(Paris) Travaux suspendus, contestations et coraux brisés : l’organisation des épreuves de surf sur la vague de Teahupo’o à Tahiti a connu de multiples rebondissements depuis l’annonce en fanfare de ce qui se veut être l’un des temps forts des Jeux olympiques 2024.

Décembre 2019 : Teahupo’o décroche les Jeux

Les organisateurs des Jeux de Paris-2024 officialisent le choix de l’île polynésienne et de sa vague mythique pour accueillir les épreuves de surf, sport de glisse qui a fait ses grands débuts à Tokyo.

Située dans l’Océan Pacifique Sud, à 15 000 km de Paris, l’île polynésienne était en concurrence avec trois sites dans le sud-ouest de la métropole et un en Bretagne.

Selon le Comité d’organisation (Cojo), les critères de coût financier ou d’impact environnemental ne permettaient alors pas de distinguer nettement les candidatures, mais « le critère sportif » avait fait la différence.

La qualité de la vague de Teahupo’o est reconnue par les surfeurs du monde entier.

« C’est un honneur et une fierté pour notre territoire, en tant que “nation française du surf”, terre d’origine de la discipline et unique candidat ultramarin, d’avoir été choisi », réagit alors la présidence de la Polynésie française.

Novembre 2021 : Premières inquiétudes

Une délégation du comité d’organisation se rend dans le petit village de la presqu’île de Tahiti pour lever les premières inquiétudes des habitants, qui craignent une transformation irrémédiable du site.
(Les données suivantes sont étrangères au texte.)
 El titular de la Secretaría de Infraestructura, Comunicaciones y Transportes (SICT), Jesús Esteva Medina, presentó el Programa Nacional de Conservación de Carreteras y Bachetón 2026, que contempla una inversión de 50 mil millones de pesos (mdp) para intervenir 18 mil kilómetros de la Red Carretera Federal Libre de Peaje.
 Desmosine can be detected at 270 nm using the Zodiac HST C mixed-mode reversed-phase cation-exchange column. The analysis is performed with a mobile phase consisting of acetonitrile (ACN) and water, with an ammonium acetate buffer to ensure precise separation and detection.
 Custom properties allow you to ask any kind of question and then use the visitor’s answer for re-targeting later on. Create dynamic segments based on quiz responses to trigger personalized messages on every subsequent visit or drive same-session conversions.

« C’est la première fois que les Jeux vont s’adapter au site, et non l’inverse », insiste à l’époque Anne Murac, en charge au sein de Paris-2024 de la coordination avec la Polynésie française, qui souhaite laisser « l’empreinte la plus minime qui soit ».
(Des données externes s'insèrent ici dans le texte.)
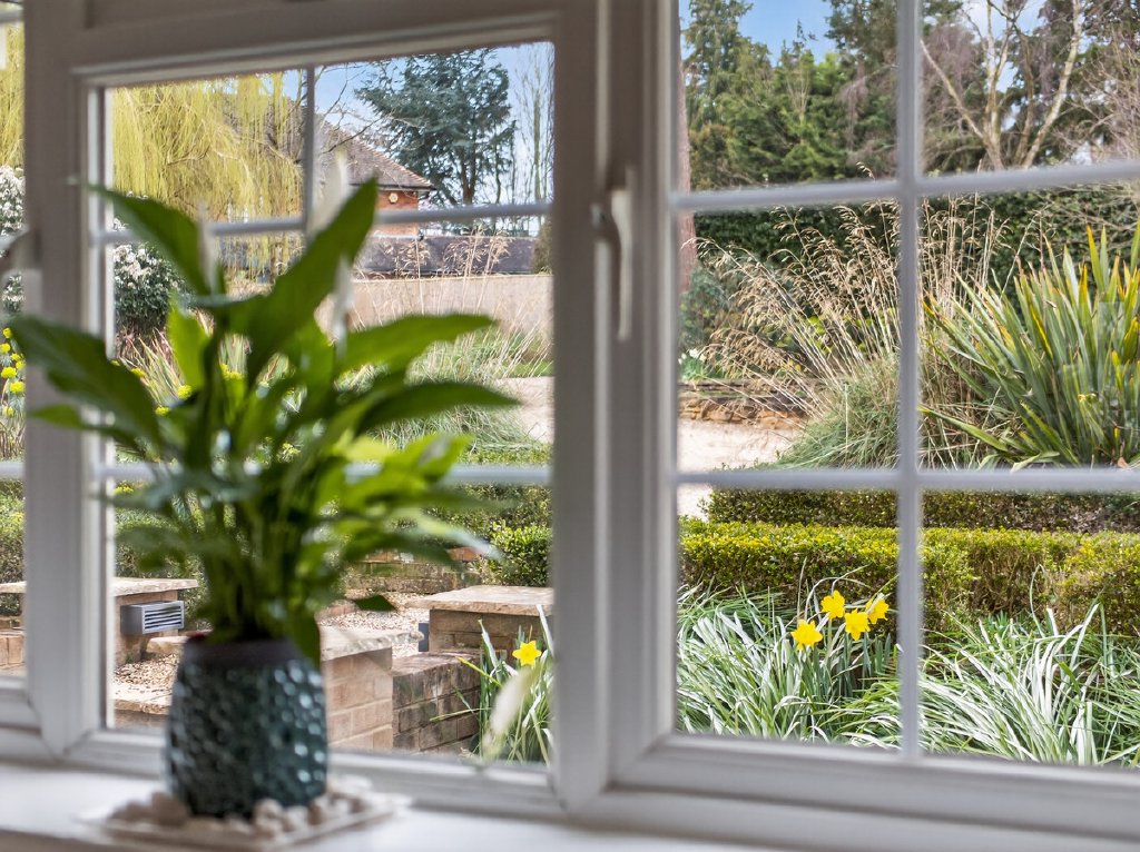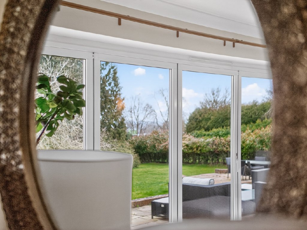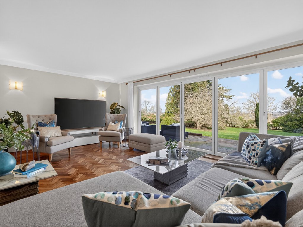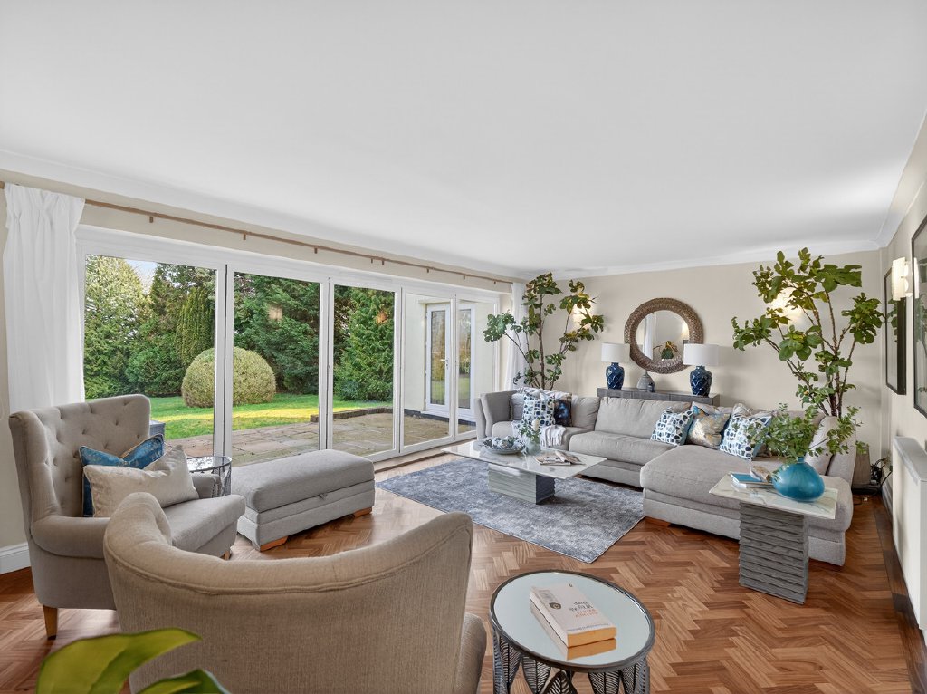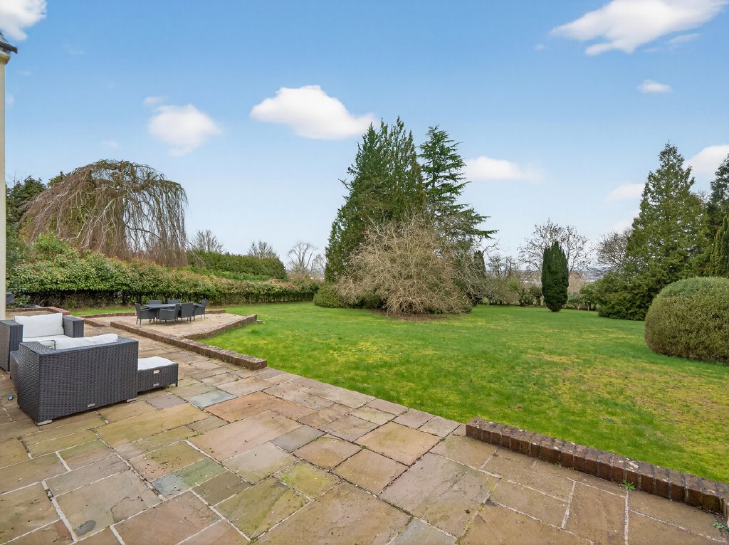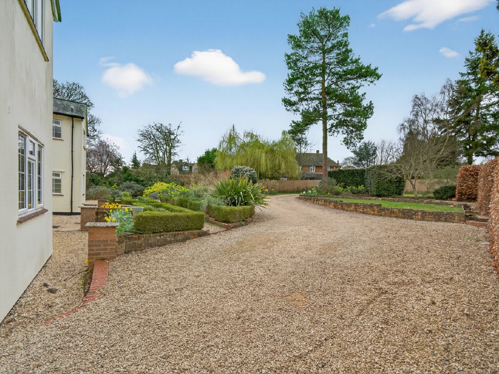 The gardens feel established and secluded, framed by mature planting that enhances privacy. A large terrace provides an ideal setting for outdoor dining and entertaining, while the wide driveway offers ample off-road parking alongside the double garage. In all the plot extends to approximately 0.83 acres.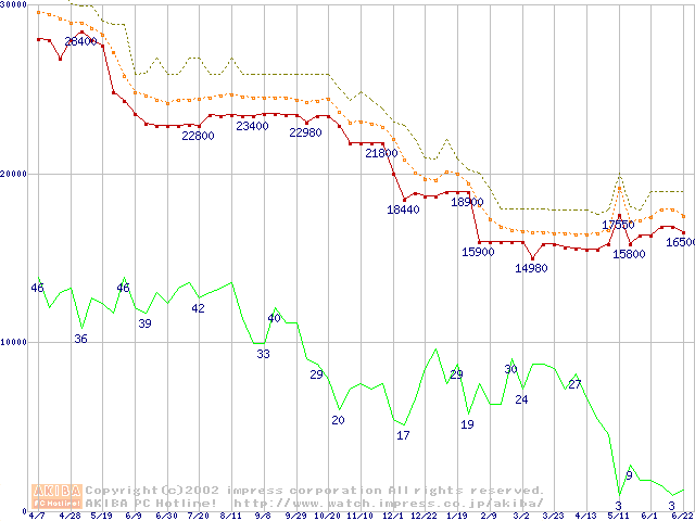 Socket 370 (FC-PGA,FSB 133MHz,L2 256KB)の最安値推移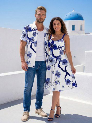 Matching Hawaiian Outfits > Flower Tree Branch Print Plus Size Matching Hawaii Beach Outfit For Couples

Août 2022 : Signature des conventions

Après avoir séjourné six jours sur place, Tony Estanguet, le président de Paris-2024, signe depuis Tahiti trois conventions entérinant le choix de Teahupo’o comme site des épreuves olympiques.
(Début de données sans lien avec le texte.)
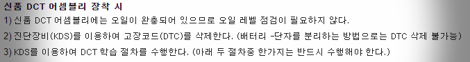 신품 DCT 어셈블리 장착 후 수행해야 하는 절차는 다음과 같다.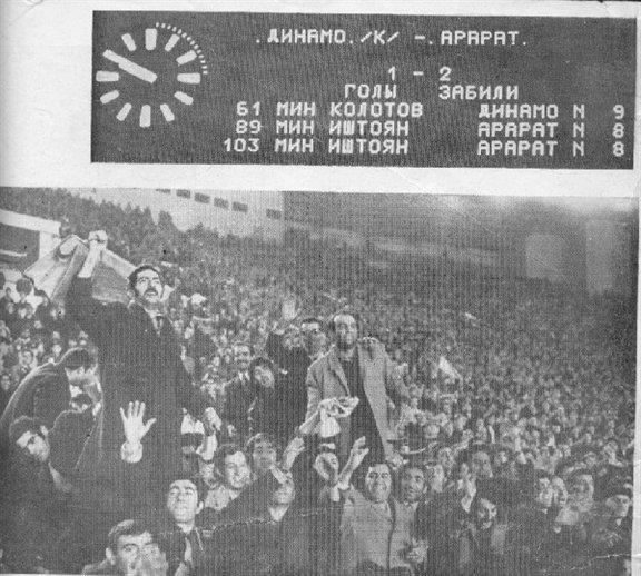 На 61-й минуте легендарный покойный капитан Динамо Виктор Колотов открыл счёт ударом с пенальти, но за минуту до конца игры форвард белых орлов Левон Иштоян сыграл на подхвате и отправил мяч в сетку ворот, тем самым сравняв счёт. Ну а в дополнительное время матча, на 103-й минуте, он принёс армянам победу прекрасным ударом слёту левой ногой. После той игры Сан Саныч Севидов был уволен, а до конца сезона руководить "бело-синими" остался Михаил Михайлович Коман.

L’une de ces conventions concerne plus spécifiquement l’installation d’infrastructures temporaires à proximité du spot. Certains aménagements, comme la construction de logements pour les compétiteurs sur place, sont refusés par une partie des habitants.

« Nous sommes sur la voie de la réussite », promet tout de même Édouard Fritch, alors président de la Polynésie française.

Été 2023 : Changement de gouvernance

Élu le 12 mai à la présidence de la Polynésie, l’indépendantiste Moetai Brotherson vient à Paris et rencontre la ministre des Sports, Amélie Oudéa-Castéra, et le président du comité d’organisation des Jeux Tony Estanguet, pour évoquer le dossier.

« Nous avons un certain nombre d’exigences par rapport à la tenue de ces épreuves dont on veut absolument qu’elles se déroulent chez nous », dit M. Brotherson. Quelques semaines plus tard, Gérald Darmanin et Oudéa-Castéra vont à leur tour en Polynésie pour s’entretenir avec Brotherson sur les futures installations olympiques.

Octobre 2023 : La tour de la discorde

Le projet d’installation d’une nouvelle tour des juges en aluminium en plein lagon, pour remplacer une tour en bois qui est n’est plus aux normes depuis plus de dix ans, cristallise les tensions sur place.

Mi-octobre, une marche pacifique rassemble plusieurs centaines de personnes, dénonçant les travaux de forage à venir pour installer la tour et s’alarmant d’une possible destruction des coraux.

Moetai Brotherson déclare début novembre envisager de déplacer l’épreuve sur un spot de repli sur l’île, mais il se ravise quelques jours plus tard. La gouvernance polynésienne annonce alors avoir trouvé un compromis avec les opposants, proposant d’installer une tour allégée qui nécessitera moins de travaux dans le lagon.

La légende du surf Kelly Slater et de nombreux autres athlètes internationaux apportent désormais leur soutien à la contestation locale.

Décembre 2023 : Coraux brisés et accord trouvé

Lors d’essais techniques, filmés par des associations de défense de l’environnement, une barge prévue pour l’installation de la nouvelle tour des juges brise du corail.

Moetai Brotherson annule sa visite sur le site et annonce la suspension des travaux. La fédération internationale de surf et l’ONG Surfrider demandent d’explorer « d’autres solutions », mais les organisateurs des Jeux excluent l’hypothèse d’un plan B.

Après plusieurs jours d’échanges avec les associations environnementales, le président polynésien annonce le maintien de l’épreuve à Teahupo’o et la reprise des travaux. Un travail de balisage sera notamment mené par des spécialistes locaux pour créer un chenal permettant de ne pas abîmer les coraux, et les barges destinées aux travaux seront plus petites.